What this actually buys you

The obvious answer is graphs. But the far more useful answer is history.

"The server feels slow today" transforms into "memory usage has climbed steadily over the past two weeks and is now hitting the limit." That is a completely different, infinitely more actionable statement. A slow memory leak, a gradually filling disk, or a creeping increase in load average as traffic grows are completely invisible in a single htop snapshot. They are painfully obvious in a week-long graph.

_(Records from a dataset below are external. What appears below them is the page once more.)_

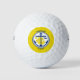 Bolas de golf con la ciudad de Anchorage, Alaska; bandera amarilla con sello blanco con un ilustracion de un barco y ancla azul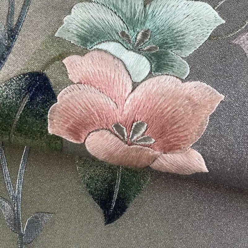 ふっくらと厚みのある刺繍で表現された蔓花が、着物姿に奥行きと華やかさを添えます。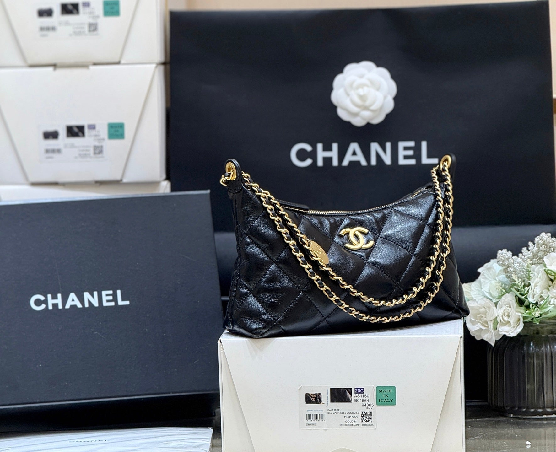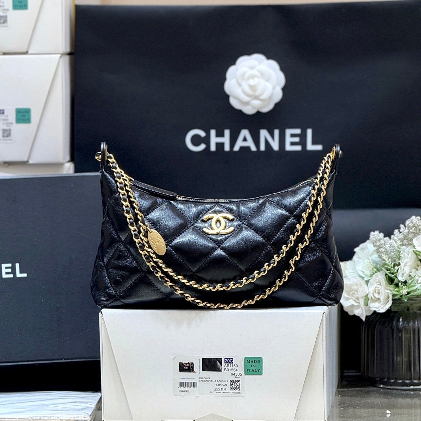 QUILTED HOBO SHOULDER BAG 26 IN BLACK GLOSSY LAMBSKIN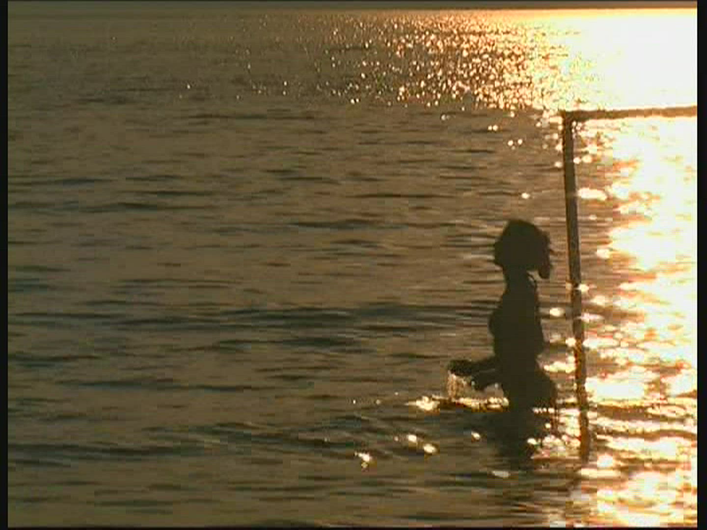 > Ocean water surface with red ball of sunset casting light in singular ray at dusk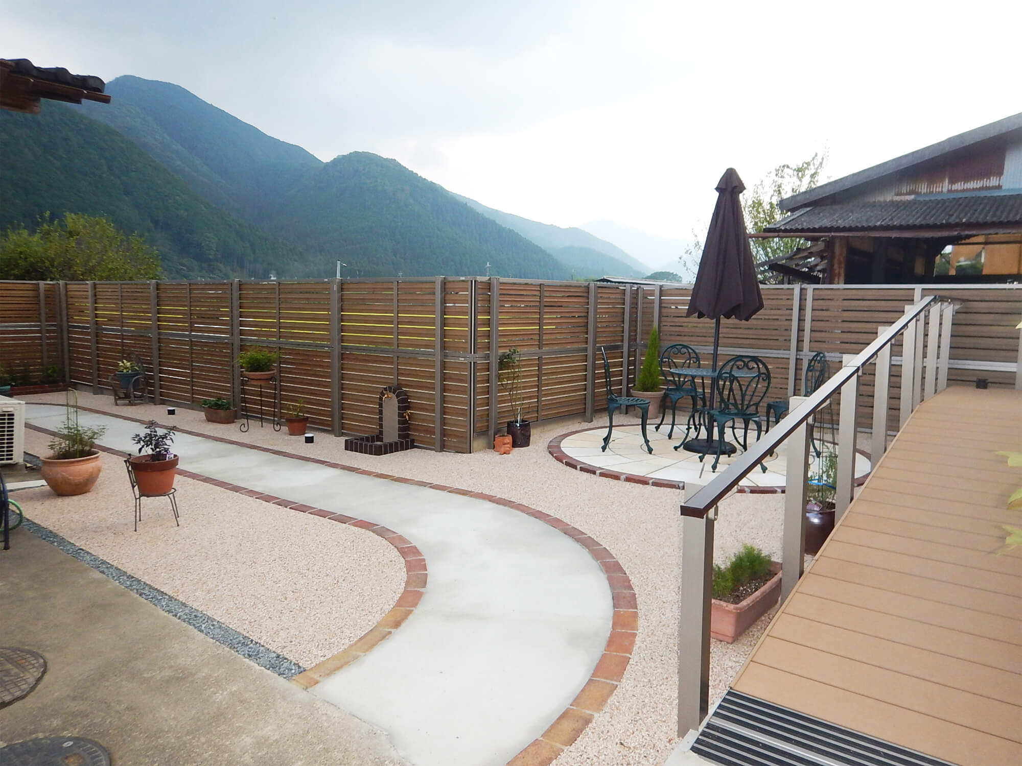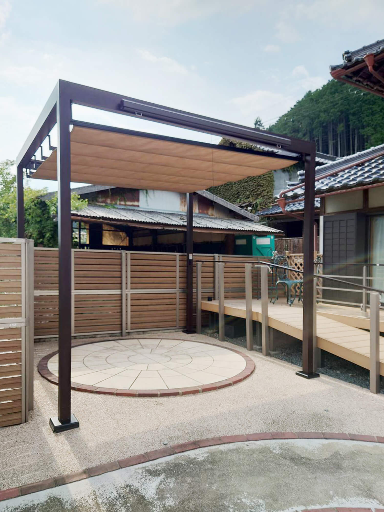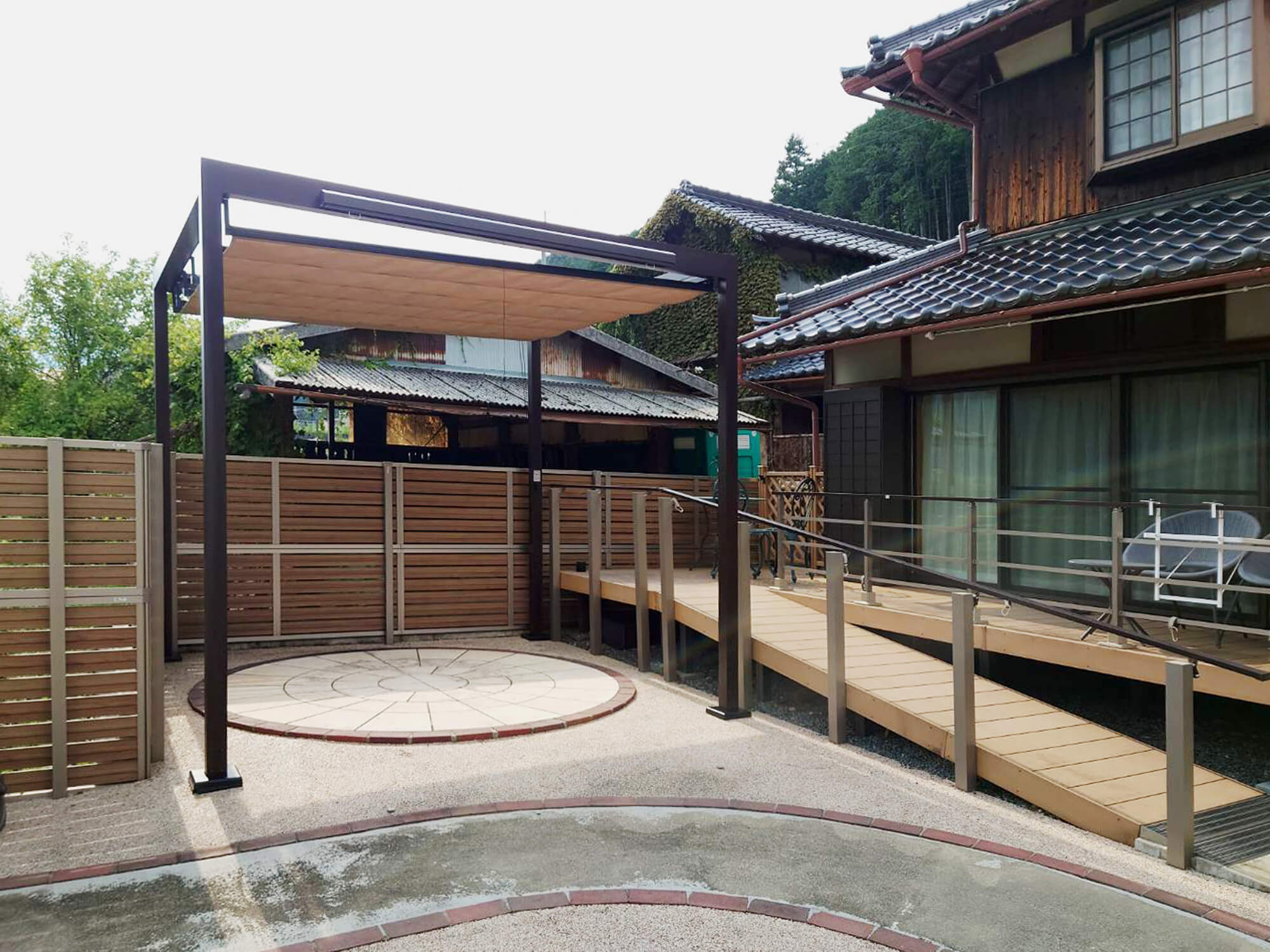 丹波市|ご近所が集まる庭に 日除け&目隠し付きの安心テラス空間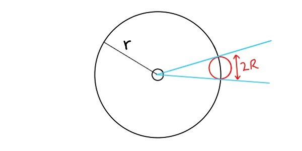 Bilden visar solen och Merkurius (inte i närheten av skalenligt). Merkurius är på känt avstånd r från solen. Merkurius radie är R (känt värde).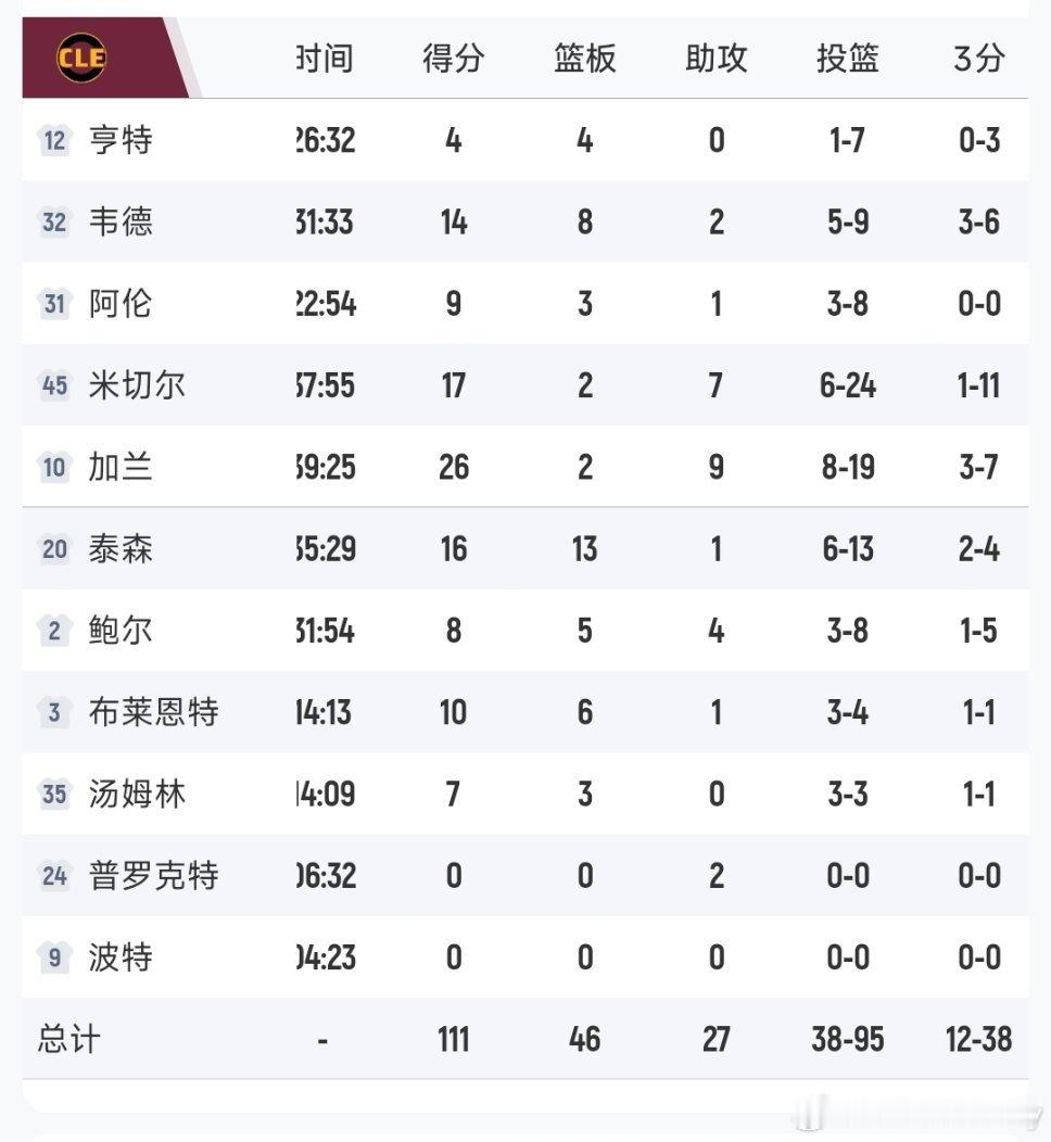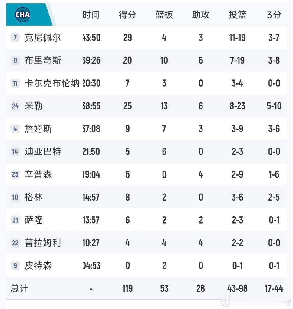 加时赛10投0中,0分!骑士加时111-119不敌黄蜂。克尼佩尔29分,米勒25分13篮板,布里奇斯20分10篮板。加兰26分,米切尔17分。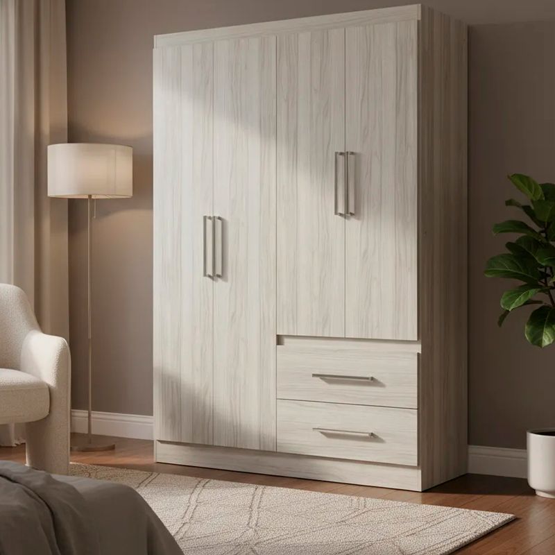 Organiza tu ropa, calzado y accesorios con estilo y practicidad con el Placard Máximo 4 Puertas 2 Cajones. Un mueble diseñado para quienes buscan gran capacidad de guardado, resistencia y un diseño moderno que se adapta a cualquier dormitorio.

Alerting: The part worth doing even minimally

Dashboards require a human to actively look at them. Alerting means the server actively tells you when something is wrong. Even a minimal Alertmanager setup with two or three rules firmly covers the situations that actually matter for a small VPS:

# alert.rules.yml
groups:
  - name: basic
    rules:
      - alert: DiskSpaceLow
        expr: node_filesystem_avail_bytes{mountpoint="/"} / node_filesystem_size_bytes{mountpoint="/"} < 0.10
        for: 30m
        annotations:
          summary: "Disk space below 10% on {{ $labels.instance }}"

      - alert: HighMemoryUsage
        expr: (1 - (node_memory_MemAvailable_bytes / node_memory_MemTotal_bytes)) > 0.90
        for: 15m
        annotations:
          summary: "Memory usage above 90% on {{ $labels.instance }}"

These two rules alone catch the two most common "the server has been slowly degrading and nobody noticed" scenarios. Alertmanager can then route that alert to email, Slack, or a webhook—whatever actually gets your attention.

Scaling it up costs nothing extra later

The absolute best reason this is worth setting up for one server is that the core setup does not change when a second server shows up. It just gets another scrape_configs entry and another node_exporter installation.

There is no massive "monitoring project" to kick off later. There is no painful migration from "no monitoring" to "monitoring." You just append one more target in a config file that was already there. Starting with one server means the second, third, and tenth servers seamlessly join a system that already works perfectly, rather than serving as the panic trigger to build one under pressure.